**The task**
Could you restate word for word only the lines below from the one holding "Number: 03**** |" to the one holding "ウィリアムモリス柄を使用した", inclusive, and leave out the pictures?

(Record extracts Opens)

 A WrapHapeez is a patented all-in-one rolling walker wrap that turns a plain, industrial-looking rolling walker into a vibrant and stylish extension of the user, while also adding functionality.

(Record extracts Closes)
(Record extracts Opens)

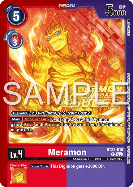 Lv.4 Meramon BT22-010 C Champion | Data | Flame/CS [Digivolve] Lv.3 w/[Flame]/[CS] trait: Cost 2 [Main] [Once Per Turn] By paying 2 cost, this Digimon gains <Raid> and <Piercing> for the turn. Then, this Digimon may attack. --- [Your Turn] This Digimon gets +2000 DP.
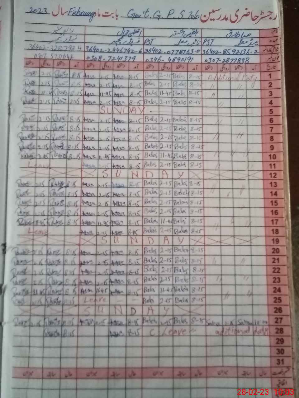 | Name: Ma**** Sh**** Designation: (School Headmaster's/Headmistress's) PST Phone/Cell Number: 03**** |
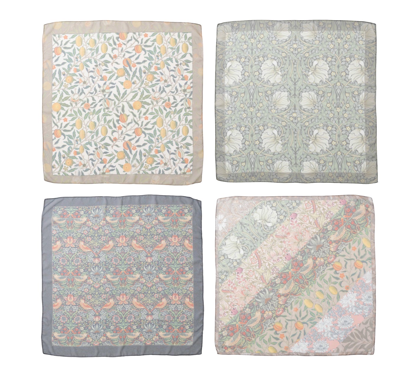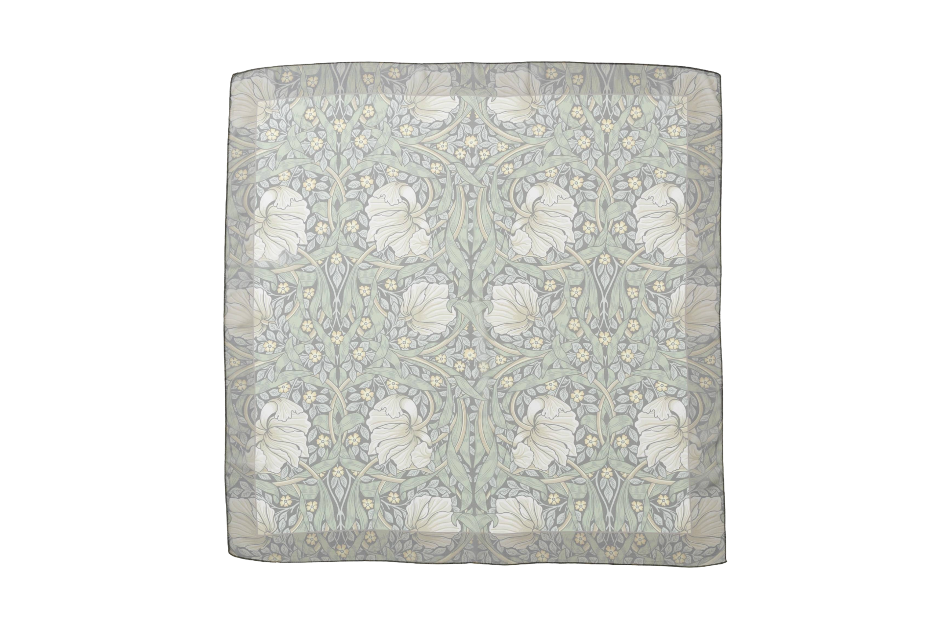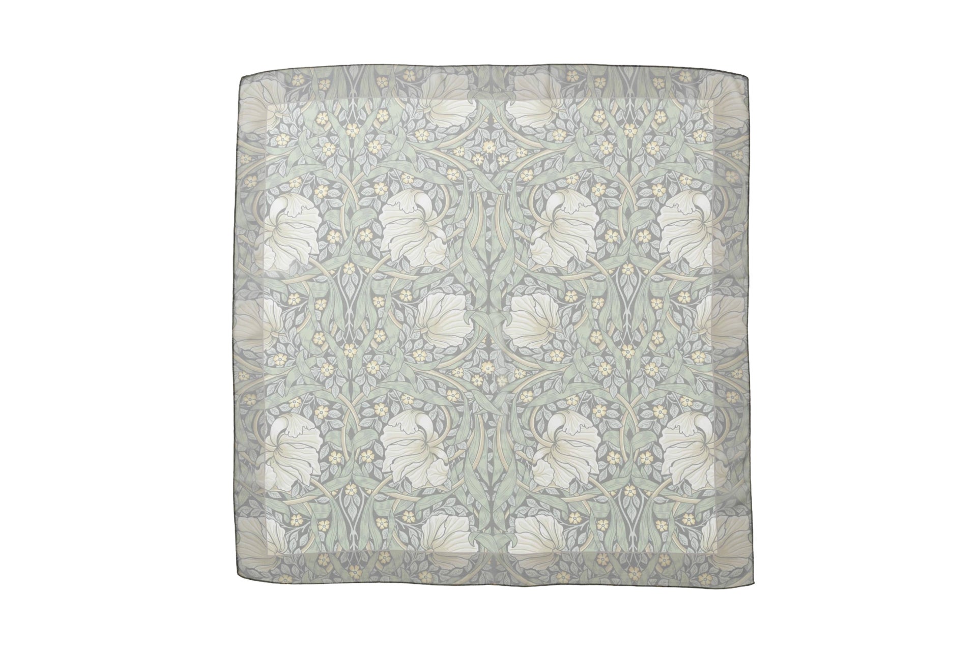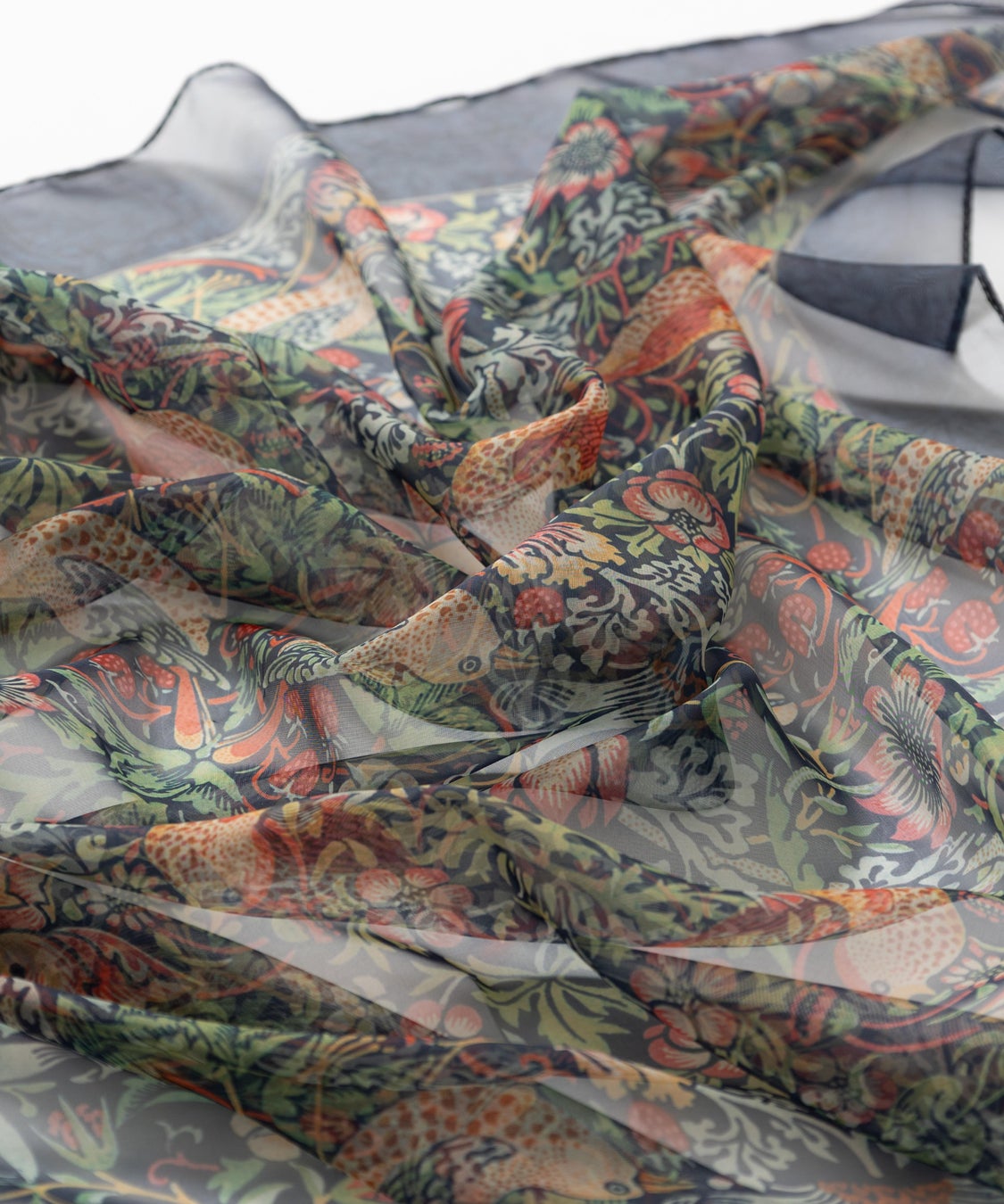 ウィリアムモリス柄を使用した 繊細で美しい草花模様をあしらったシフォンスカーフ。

(Record extracts Closes)
(Record extracts Opens)

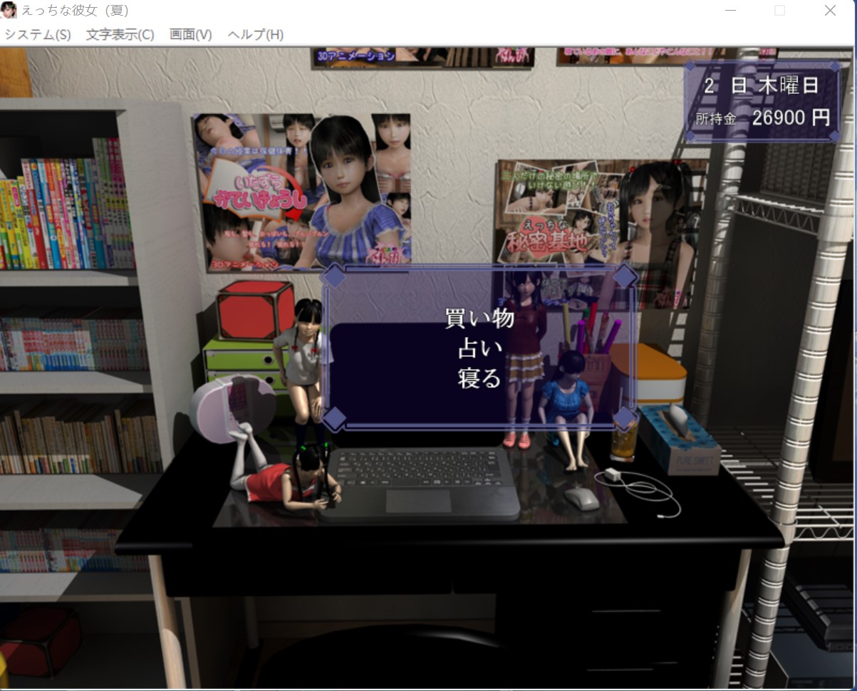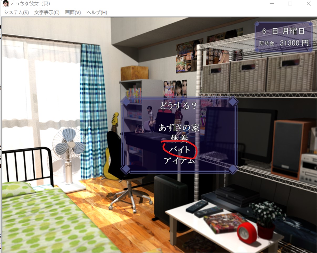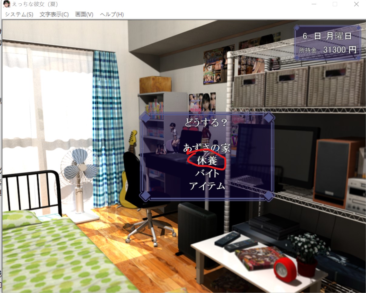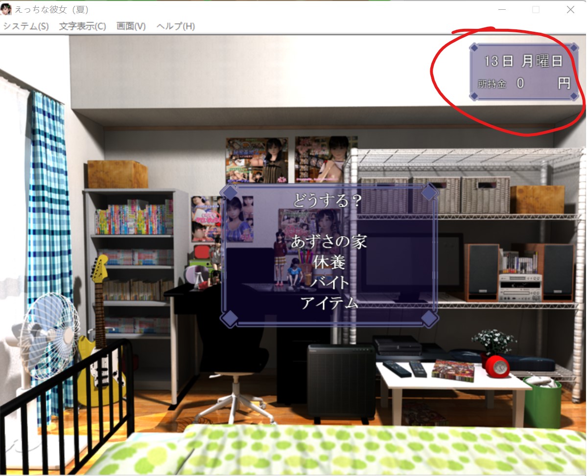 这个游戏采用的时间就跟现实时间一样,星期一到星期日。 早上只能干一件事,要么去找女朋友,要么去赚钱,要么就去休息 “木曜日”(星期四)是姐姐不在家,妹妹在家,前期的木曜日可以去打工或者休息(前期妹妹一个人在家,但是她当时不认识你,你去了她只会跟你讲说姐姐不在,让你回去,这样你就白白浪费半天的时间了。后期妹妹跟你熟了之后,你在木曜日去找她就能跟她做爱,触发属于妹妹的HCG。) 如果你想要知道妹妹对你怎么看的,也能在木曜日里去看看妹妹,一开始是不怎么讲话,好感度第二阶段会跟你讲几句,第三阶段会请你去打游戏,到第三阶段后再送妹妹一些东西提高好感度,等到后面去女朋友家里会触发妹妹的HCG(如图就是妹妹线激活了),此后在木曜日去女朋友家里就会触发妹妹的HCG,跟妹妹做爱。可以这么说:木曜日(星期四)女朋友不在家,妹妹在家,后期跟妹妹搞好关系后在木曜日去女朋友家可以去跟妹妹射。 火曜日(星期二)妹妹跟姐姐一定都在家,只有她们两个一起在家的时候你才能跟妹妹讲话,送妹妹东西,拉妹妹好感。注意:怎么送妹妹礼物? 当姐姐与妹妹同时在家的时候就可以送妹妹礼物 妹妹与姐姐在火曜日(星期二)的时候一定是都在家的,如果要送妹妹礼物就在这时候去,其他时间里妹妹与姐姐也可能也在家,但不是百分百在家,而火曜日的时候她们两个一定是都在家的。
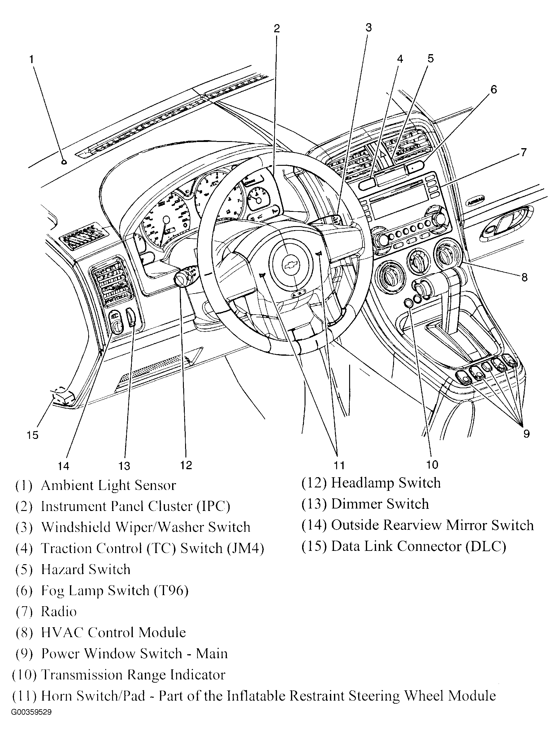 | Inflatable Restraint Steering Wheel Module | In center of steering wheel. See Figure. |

(Record extracts Closes)

**Exercise answer**
 | Name: Ma**** Sh**** Designation: (School Headmaster's/Headmistress's) PST Phone/Cell Number: 03**** |
 ウィリアムモリス柄を使用した 繊細で美しい草花模様をあしらったシフォンスカーフ。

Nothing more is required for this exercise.